Raw data:

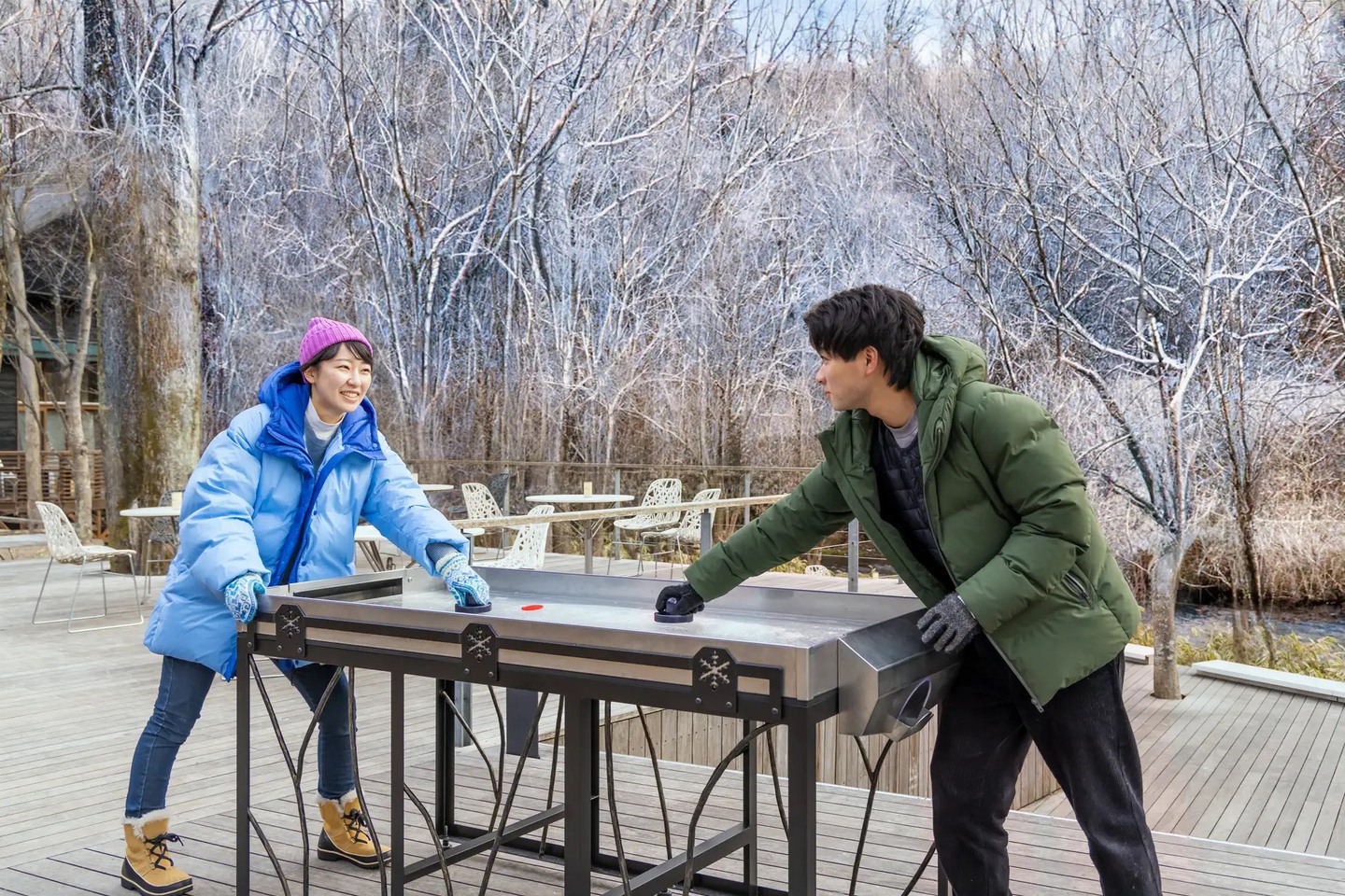 冬期の気温が低い軽井沢では、スキーやスケート、カーリングなどのウィンタースポーツが盛んだ。星野エリアにある「ケラ池スケートリンク」では、例年12月から2月にかけて、池の水が自然に凍る天然氷のエリアがオープンする。本イベントでは、スケートだけでなく寒さを楽しめる体験を提供したいと考え、春楡(ハルニレ)の木立に囲まれたハルニレテラスを開催場所とし、軽井沢の寒さを活かしたゲームを用意する。
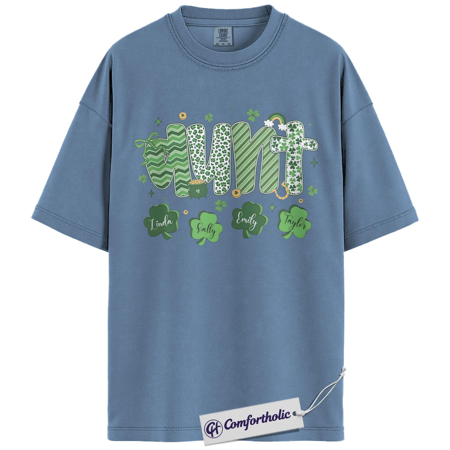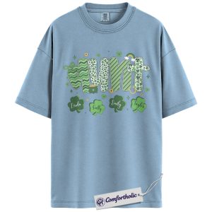 Aunt Shamrock Shirt, Cute St Patrick’s Day Graphic Tee, Personalized Irish Family Name T-Shirt, St Paddy’s Day Gift for Aunts, Comfort Colors Shirt
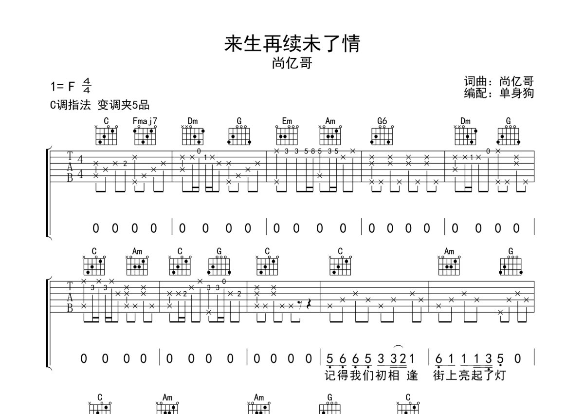 《来生再续未了情》是尚亿哥演唱的一首歌曲,歌曲原调为F调,但由于原调指法比较难,为了方便弹奏,本吉他谱采用的是C调指法编配,变调夹5品弹奏即为原调,当然也可以根据自己的音域改变变调夹位置,或者通过改变和弦调性,以方便自己弹奏,这份吉他谱共有四张高清图谱,图谱由 @单身狗 编配上传,图谱使用六线谱编配,包含吉他和弦指法、简谱以及歌词部分,使用这份来生再续未了情吉他谱,可以让你更加方便地掌握这首歌曲的弹唱技巧,快来尝试吧。
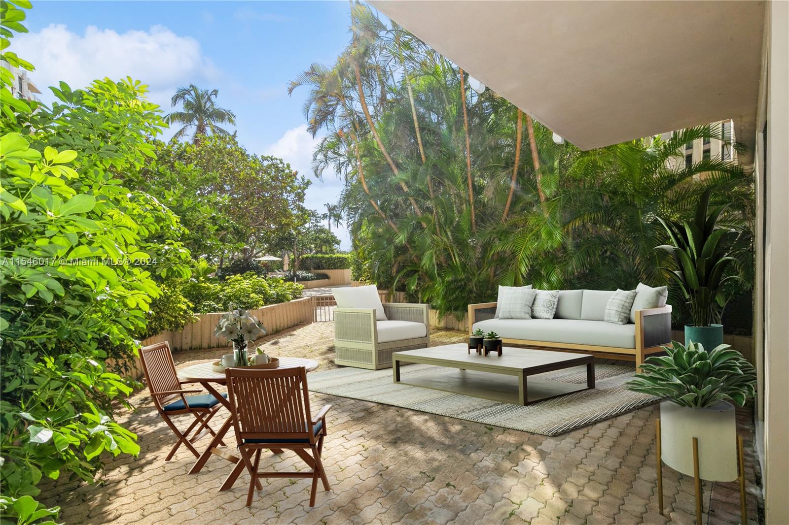 Own a lanai apartment with a delightful 97' patio, tax roll initially designated it as a 2/2 with 1409 sq ft, but it has been modified to a 1/1.5 with an extra den (bedroom). The updated kitchen features new appliances, and ample storage space with a hookup for a washer and dryer. This meticulously maintained unit offers a flexible layout, providing an option to move in seamlessly. The open floor plan connects living and dining areas, creating an ideal space for entertainment or relaxation. Beyond the interior, the lanai apartment offers a unique outdoor experience. The 97' patio extends your living space, perfect for enjoying the tropical climate. A private gateway to the pool and steps away from the beach provides convenient leisure opportunities. Paradise awaits in your new lanai!

What to do: The material above holds pictures; copy everything else in it exactly.

Written answer:
 冬期の気温が低い軽井沢では、スキーやスケート、カーリングなどのウィンタースポーツが盛んだ。星野エリアにある「ケラ池スケートリンク」では、例年12月から2月にかけて、池の水が自然に凍る天然氷のエリアがオープンする。本イベントでは、スケートだけでなく寒さを楽しめる体験を提供したいと考え、春楡(ハルニレ)の木立に囲まれたハルニレテラスを開催場所とし、軽井沢の寒さを活かしたゲームを用意する。
 Aunt Shamrock Shirt, Cute St Patrick’s Day Graphic Tee, Personalized Irish Family Name T-Shirt, St Paddy’s Day Gift for Aunts, Comfort Colors Shirt
 《来生再续未了情》是尚亿哥演唱的一首歌曲,歌曲原调为F调,但由于原调指法比较难,为了方便弹奏,本吉他谱采用的是C调指法编配,变调夹5品弹奏即为原调,当然也可以根据自己的音域改变变调夹位置,或者通过改变和弦调性,以方便自己弹奏,这份吉他谱共有四张高清图谱,图谱由 @单身狗 编配上传,图谱使用六线谱编配,包含吉他和弦指法、简谱以及歌词部分,使用这份来生再续未了情吉他谱,可以让你更加方便地掌握这首歌曲的弹唱技巧,快来尝试吧。
 Own a lanai apartment with a delightful 97' patio, tax roll initially designated it as a 2/2 with 1409 sq ft, but it has been modified to a 1/1.5 with an extra den (bedroom). The updated kitchen features new appliances, and ample storage space with a hookup for a washer and dryer. This meticulously maintained unit offers a flexible layout, providing an option to move in seamlessly. The open floor plan connects living and dining areas, creating an ideal space for entertainment or relaxation. Beyond the interior, the lanai apartment offers a unique outdoor experience. The 97' patio extends your living space, perfect for enjoying the tropical climate. A private gateway to the pool and steps away from the beach provides convenient leisure opportunities. Paradise awaits in your new lanai!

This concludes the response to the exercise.